**ASSIGNMENT**
Below are some records; find each line that carries the word "كانت" and copy it.

Stored items
=== Begin Enclosure ===

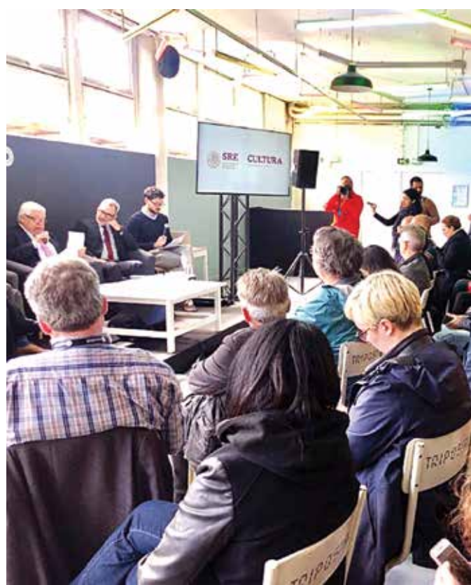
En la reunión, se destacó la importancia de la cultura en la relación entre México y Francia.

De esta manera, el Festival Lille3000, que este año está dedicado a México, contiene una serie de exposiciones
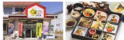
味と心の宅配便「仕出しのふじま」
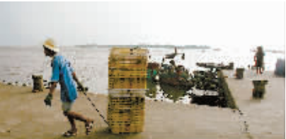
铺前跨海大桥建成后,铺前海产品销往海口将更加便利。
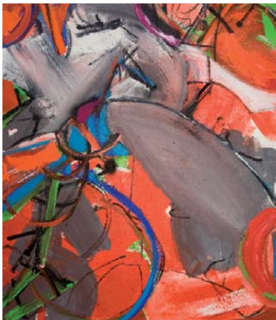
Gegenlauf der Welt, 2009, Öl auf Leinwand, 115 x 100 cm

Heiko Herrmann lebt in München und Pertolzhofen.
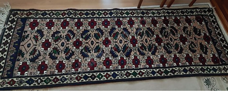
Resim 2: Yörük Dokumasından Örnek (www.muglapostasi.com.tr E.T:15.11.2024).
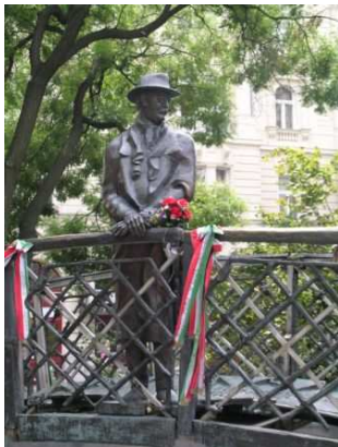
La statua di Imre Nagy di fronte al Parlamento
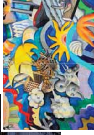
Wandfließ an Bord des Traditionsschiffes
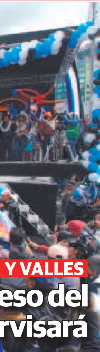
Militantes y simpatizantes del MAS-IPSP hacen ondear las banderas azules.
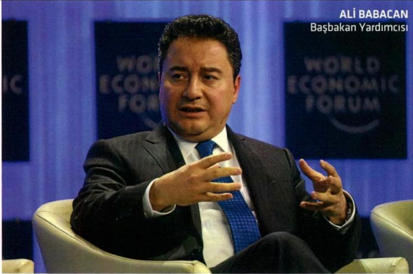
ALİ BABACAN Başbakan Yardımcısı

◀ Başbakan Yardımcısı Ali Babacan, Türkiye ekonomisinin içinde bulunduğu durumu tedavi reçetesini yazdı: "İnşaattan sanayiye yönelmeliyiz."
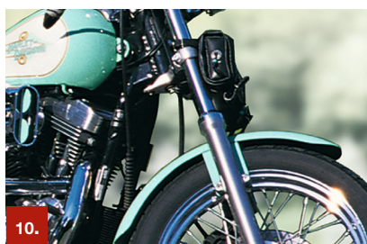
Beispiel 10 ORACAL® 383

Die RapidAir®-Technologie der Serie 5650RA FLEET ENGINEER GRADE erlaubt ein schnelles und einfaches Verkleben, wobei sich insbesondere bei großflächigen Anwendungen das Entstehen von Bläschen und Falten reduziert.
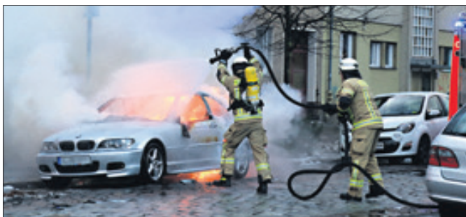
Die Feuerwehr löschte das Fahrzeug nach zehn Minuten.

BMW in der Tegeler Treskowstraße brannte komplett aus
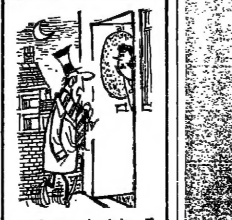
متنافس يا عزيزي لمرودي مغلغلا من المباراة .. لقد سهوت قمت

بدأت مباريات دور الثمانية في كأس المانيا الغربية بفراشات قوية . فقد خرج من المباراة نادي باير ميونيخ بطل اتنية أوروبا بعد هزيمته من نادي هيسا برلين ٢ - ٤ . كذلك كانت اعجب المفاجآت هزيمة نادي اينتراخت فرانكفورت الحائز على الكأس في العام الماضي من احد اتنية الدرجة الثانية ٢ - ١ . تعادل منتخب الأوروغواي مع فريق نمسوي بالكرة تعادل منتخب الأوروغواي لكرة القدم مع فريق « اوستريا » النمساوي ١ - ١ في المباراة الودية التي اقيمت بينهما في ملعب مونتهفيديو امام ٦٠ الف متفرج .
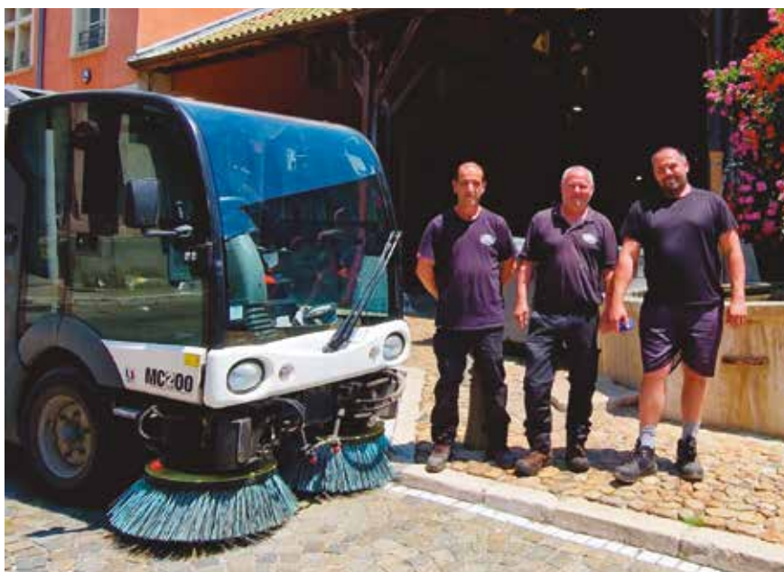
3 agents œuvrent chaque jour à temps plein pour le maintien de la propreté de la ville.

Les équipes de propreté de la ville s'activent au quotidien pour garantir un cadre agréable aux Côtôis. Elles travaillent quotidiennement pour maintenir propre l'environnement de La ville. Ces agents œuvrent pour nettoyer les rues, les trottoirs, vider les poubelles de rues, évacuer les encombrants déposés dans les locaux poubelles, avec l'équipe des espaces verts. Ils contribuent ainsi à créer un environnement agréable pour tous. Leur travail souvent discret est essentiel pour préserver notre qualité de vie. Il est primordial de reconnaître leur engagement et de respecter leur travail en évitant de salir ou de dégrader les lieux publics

=== End Enclosure ===
=== Begin Enclosure ===

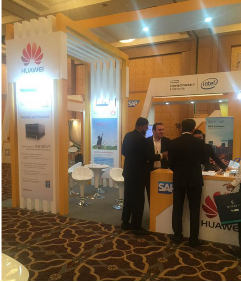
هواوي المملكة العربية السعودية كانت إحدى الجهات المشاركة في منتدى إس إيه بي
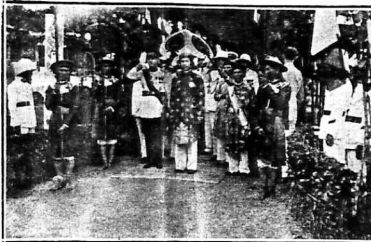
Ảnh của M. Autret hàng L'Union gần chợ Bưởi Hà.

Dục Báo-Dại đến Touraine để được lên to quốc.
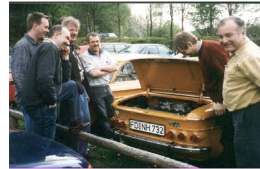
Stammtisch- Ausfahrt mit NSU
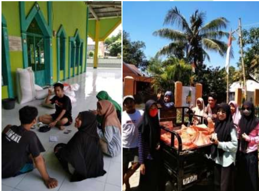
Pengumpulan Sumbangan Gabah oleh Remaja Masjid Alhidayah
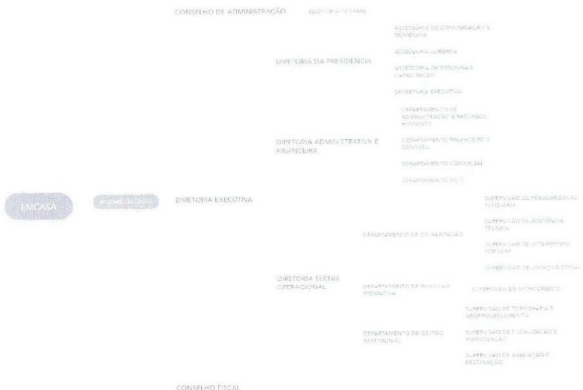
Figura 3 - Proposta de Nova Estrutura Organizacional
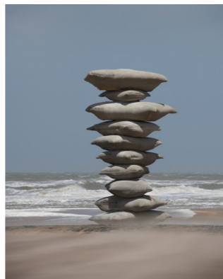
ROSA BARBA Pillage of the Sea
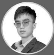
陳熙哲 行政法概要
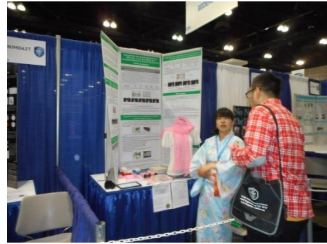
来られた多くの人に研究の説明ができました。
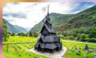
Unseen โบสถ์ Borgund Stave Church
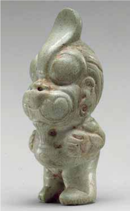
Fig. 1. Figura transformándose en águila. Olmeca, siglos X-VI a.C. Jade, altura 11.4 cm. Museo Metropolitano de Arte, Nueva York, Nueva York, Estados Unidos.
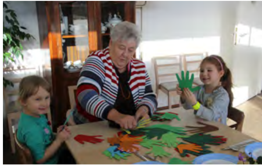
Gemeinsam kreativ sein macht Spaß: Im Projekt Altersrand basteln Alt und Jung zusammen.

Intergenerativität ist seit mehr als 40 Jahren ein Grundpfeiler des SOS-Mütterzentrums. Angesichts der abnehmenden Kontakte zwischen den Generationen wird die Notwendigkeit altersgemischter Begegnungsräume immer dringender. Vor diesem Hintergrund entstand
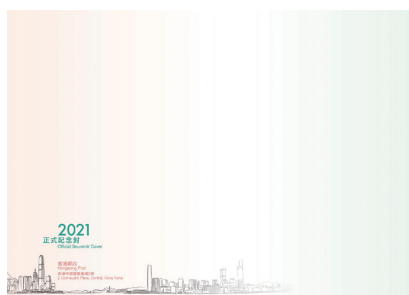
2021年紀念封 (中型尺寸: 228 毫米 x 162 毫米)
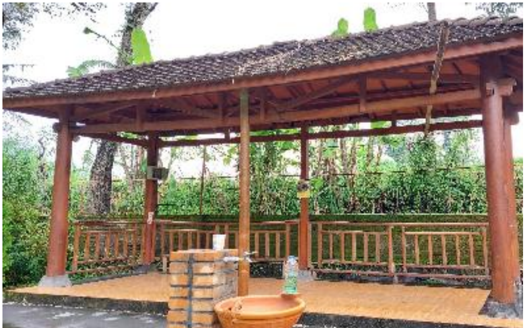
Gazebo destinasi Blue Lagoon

=== End Enclosure ===
=== Begin Enclosure ===

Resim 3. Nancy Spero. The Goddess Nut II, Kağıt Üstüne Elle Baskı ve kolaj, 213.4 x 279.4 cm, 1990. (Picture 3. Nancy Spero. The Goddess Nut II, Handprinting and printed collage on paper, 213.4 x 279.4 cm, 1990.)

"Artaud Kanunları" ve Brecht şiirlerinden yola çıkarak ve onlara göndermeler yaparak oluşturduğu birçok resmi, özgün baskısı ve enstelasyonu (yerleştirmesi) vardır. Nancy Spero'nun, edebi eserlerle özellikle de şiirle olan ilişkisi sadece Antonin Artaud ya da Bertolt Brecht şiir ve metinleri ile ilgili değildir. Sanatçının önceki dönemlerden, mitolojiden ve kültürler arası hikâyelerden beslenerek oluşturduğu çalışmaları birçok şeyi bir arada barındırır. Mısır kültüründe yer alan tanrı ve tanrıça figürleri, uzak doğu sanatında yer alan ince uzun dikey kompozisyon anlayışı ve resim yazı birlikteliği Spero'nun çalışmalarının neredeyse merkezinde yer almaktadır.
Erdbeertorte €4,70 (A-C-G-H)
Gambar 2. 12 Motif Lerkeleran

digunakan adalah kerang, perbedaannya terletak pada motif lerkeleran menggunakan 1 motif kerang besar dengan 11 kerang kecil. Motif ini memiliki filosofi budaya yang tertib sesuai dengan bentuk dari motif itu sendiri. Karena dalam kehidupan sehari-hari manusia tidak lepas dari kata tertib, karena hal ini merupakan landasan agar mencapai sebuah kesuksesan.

=== End Enclosure ===

**TASK SOLUTION**
بدأت مباريات دور الثمانية في كأس المانيا الغربية بفراشات قوية . فقد خرج من المباراة نادي باير ميونيخ بطل اتنية أوروبا بعد هزيمته من نادي هيسا برلين ٢ - ٤ . كذلك كانت اعجب المفاجآت هزيمة نادي اينتراخت فرانكفورت الحائز على الكأس في العام الماضي من احد اتنية الدرجة الثانية ٢ - ١ . تعادل منتخب الأوروغواي مع فريق نمسوي بالكرة تعادل منتخب الأوروغواي لكرة القدم مع فريق « اوستريا » النمساوي ١ - ١ في المباراة الودية التي اقيمت بينهما في ملعب مونتهفيديو امام ٦٠ الف متفرج .
هواوي المملكة العربية السعودية كانت إحدى الجهات المشاركة في منتدى إس إيه بي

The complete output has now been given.